Anger is a natural reaction to a deeply disturbing and annoying set of circumstances. But over the last couple of years, our eyes have opened widely to the alternate universe full of alternative truths that America has now become. In this universe, anger is not for the oppressed and marginalized — it is reserved rather for rabid, deranged white males that seek to equalize this time of uprising and protest with white nationalist vigilantism. Doing so in all of its ‘Birth of a Nation’ heroism, similar to the Klansman crusading through on galloping horses to rid the land of the left.

Of course, the optics have evolved a little with the times. Enter Kyle Rittenhouse, the 17-year-old white male from Antioch, Illinois, facing multiple charges, including first-degree intentional homicide.

Rittenhouse is accused of killing two people and injuring a third during a Black Lives Matter protest in Kenosha, Wisconsin. These events followed the August 23 police shooting of Jacob Blake. The latest trend of countering a history of oppression with their own white male rage has just received a huge endorsement by none other than president Trump and a million dollar GoFundMe towards Rittenhouse’s legal fees.

And just like that, who gets to be angry in America becomes a whole lot clearer. It’s whoever aligns with an agenda of destructing the resistance.

To fully understand the extent of America’s issues, I realized that you must recognize not only which group of people benefit the most in America but also ask ourselves who gets to be angry in America? It’s in answering this that we get into the depth of the system and how much work actually needs to be done.

A rather glaring and overlooked foreshadowing came in the form of the movie Joker.
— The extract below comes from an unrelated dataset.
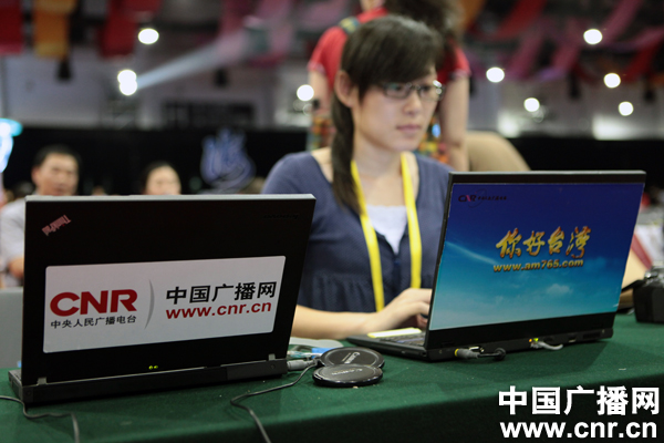 中央臺工作人員在整理稿件(中廣網(wǎng)記者 李雪南攝)
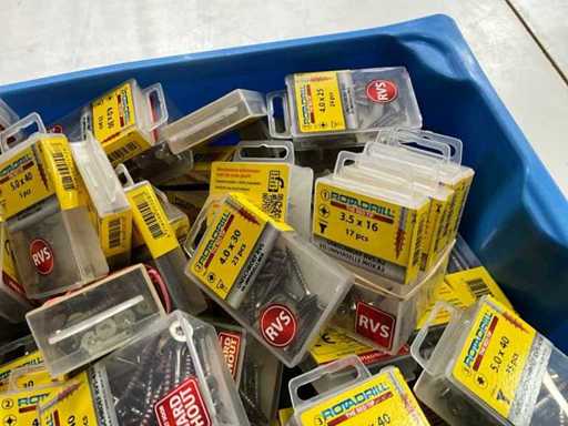 Rotadrill Assorti diverse schroeven RVS, verzinkt en messing (100x)

Although a massive international success led by a huge following and a brilliant performance by Joaquin Phoenix, it just never sat right with me. Perhaps it was due to its Alt Right fandom. As a Black woman, I couldn’t help but ask myself, could I have gotten away with this? Could any Black man or woman in America? But I was admonished whenever I brought up the point and dismissed as not seeing the “universal” message. For me specifically, the way people responded to him bothered me. The sympathy. It bothered me.

Every time I brought these concerns up, I was told that Joker’s plight transcends race. But, society’s response to the pain and disenfranchisement of others (in real life) seldom, if ever, transcends race.

Times have intensified even more since then and the world has had to awaken to this nuanced scope. Gotten with the program. The reality is that there are millions of White dudes in America running around and screaming on some Joker s**t. Half of them with little to no substantial oppressive issues facing them.

When you remove him from the comic book realm and place him into the modern world and in front of an audience, there’s an underbelly that is reflective of some problematic things. Someone who looks like me with that same experience in real life doesn’t get to break like that and become a hero. Not even in a damn movie. I can use Killmonger as a reference. And to this day, people are still asking Spike Lee why Mookie threw the garbage can into the pizzeria in Do The Right Thing. The answer remains that society is simply not socialized to grant as much grace to Black people — even when we require it mind, body and soul.

As a writer, some of the passages I have written are flat-out blackout rants. The levels I have been tried and tested in America, I will likely never live down. But I can’t actually go postal beyond those pages.

It always feels great being able to release, but what if I wasn’t a writer? What if I was able to make it all eloquent and didactic? What if there wasn’t a greater message I searched to find behind it all to create something relatable and “universal”? I’d be a lot less OK.

Anger is a natural response to being suppressed. It’s my natural response to the majority of what I see. My right.

So, the decision’s mine and for the world to reckon with.